Now, I start off by saying that I’m bragging, but I have to put a caveat on the horn-tooting; I’ve not yet heard back from the owner.  I thought the pen tested out pretty well, but I am as capable of self-deception as the next guy– about 38% of the articles here are sterling proofs of my own fallibility in this area.  It may be that what I think was darn good work turns out to be a grave disappointment to one who know the pen before the fall.  I may brag unrestrictedly only of the owner says “Bang-up job!  Superb! &ct!”… and really, even then, I shouldn’t.  Something else I contemplate fairly regularly here is the ongoing willingness of the gods to punish hubris, and I’ve read enough classical literature to know that I want to stay well clear of the muzzle of that particular gun.

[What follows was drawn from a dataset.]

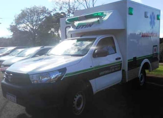 ARISTÓBULO DEL VALLE. El Intendente Eldor Hut y el Secretario de Salud Dr. Armando Parodi presentaron esta mañana la ambulancia donada por el Gobierno de Japón a la Municipalidad de Aristóbulo del Valle.

…and because I know some of my intermittent readers have backgrounds in metalwork and/or armouring, I’ll own up to the mis-use of technical terms in the title.  I burnished that point; clearly it’s not been chased at all.

Today’s pen: Sheaffer Admiral
Today’s ink: Mont Blanc Royal Blue


One Response to “Chasing a Point”

  1. I brag a very little, perhaps. From a subsequent email sent by the client:
    “I have to say that you exceeded my expectations. I am very pleased to be able to return my pen to its rightful place in my shirt pocket.”